#### PROMPT
Print the material below exactly as it stands, please, from its first line to the line holding "ヴィンテージ広告風にデザインしたOLDIENCEオリジナルTシャツ。", with no pictures.

#### INFORMATION PROVIDED

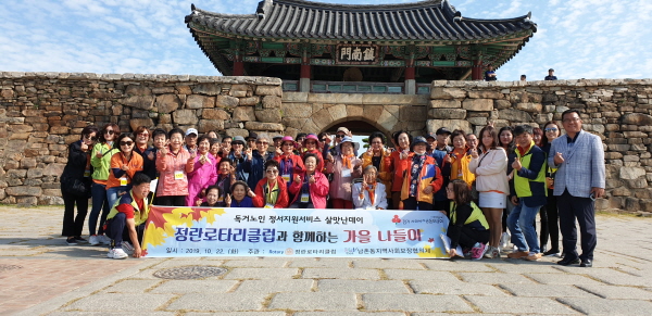 이날은 개인적으로 여행하기 힘든 저소득 독거노인 30여명을 모시고 오산정란로타리 회원 10여명과 남촌동지역사회보장협의체 위원 5명이 봉사자가 되어 충남 해미읍성과 수덕사 일원 등을 돌아보며 가을의 정취를 느끼고 힐링하는 시간을 가졌다.
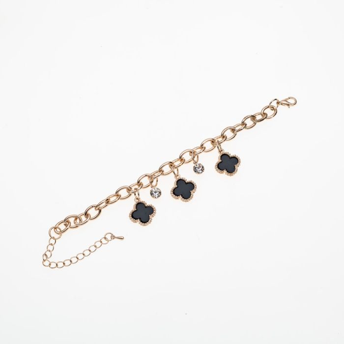 Βραχιόλι με μαύρα τετράφυλλα και λεπτομέρειες από στρογγυλά στρας
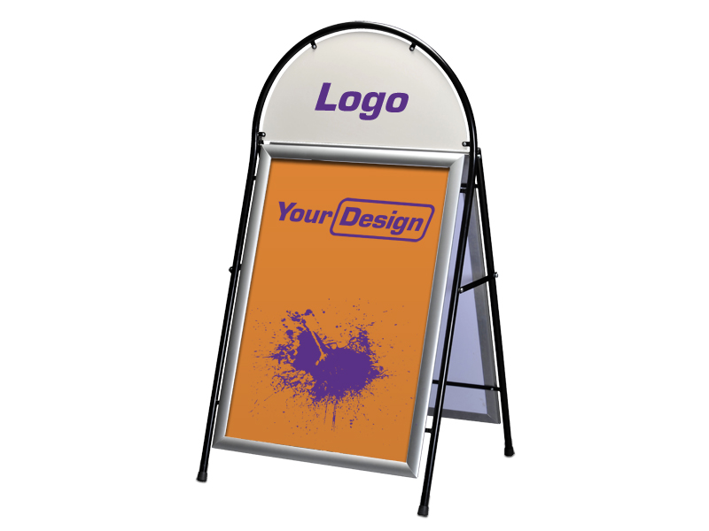 The top model of so called A-racks. Sturdy tubular frame that makes it extra stable. Equipped with two snap frames for simple exchange of posters, and that keeps them in place. Place for logo on the top. Standard sizes are 50 x 70 cm and 70 x 100 cm. The frame is black and the logo plate is whie. Optional standard color of the frames. Delivered 1 pc in a carton.
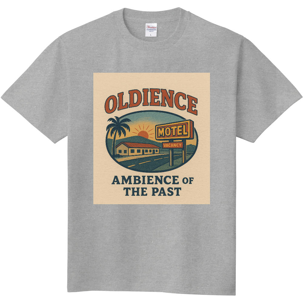 ヴィンテージ広告風にデザインしたOLDIENCEオリジナルTシャツ。
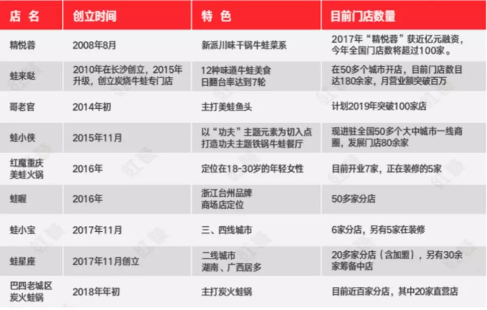 Según las estadísticas de Red Dining, hay cerca de 15.000 restaurantes con temática de rana toro solo en las cuatro ciudades de primer nivel de Beijing, Shanghai, Guangzhou y Shenzhen. Todo tipo de restaurantes con temática de rana toro en todo el país, como Jingyuerong, Folaida, Ge Laoguan, Frog Xiaoxia, Yongwa Frog, etc., son muy populares entre los consumidores, y la cantidad de cadenas de tiendas se está expandiendo rápidamente.

#### SOLUTION FOR THIS TASK
 이날은 개인적으로 여행하기 힘든 저소득 독거노인 30여명을 모시고 오산정란로타리 회원 10여명과 남촌동지역사회보장협의체 위원 5명이 봉사자가 되어 충남 해미읍성과 수덕사 일원 등을 돌아보며 가을의 정취를 느끼고 힐링하는 시간을 가졌다.
 Βραχιόλι με μαύρα τετράφυλλα και λεπτομέρειες από στρογγυλά στρας
 The top model of so called A-racks. Sturdy tubular frame that makes it extra stable. Equipped with two snap frames for simple exchange of posters, and that keeps them in place. Place for logo on the top. Standard sizes are 50 x 70 cm and 70 x 100 cm. The frame is black and the logo plate is whie. Optional standard color of the frames. Delivered 1 pc in a carton.
 ヴィンテージ広告風にデザインしたOLDIENCEオリジナルTシャツ。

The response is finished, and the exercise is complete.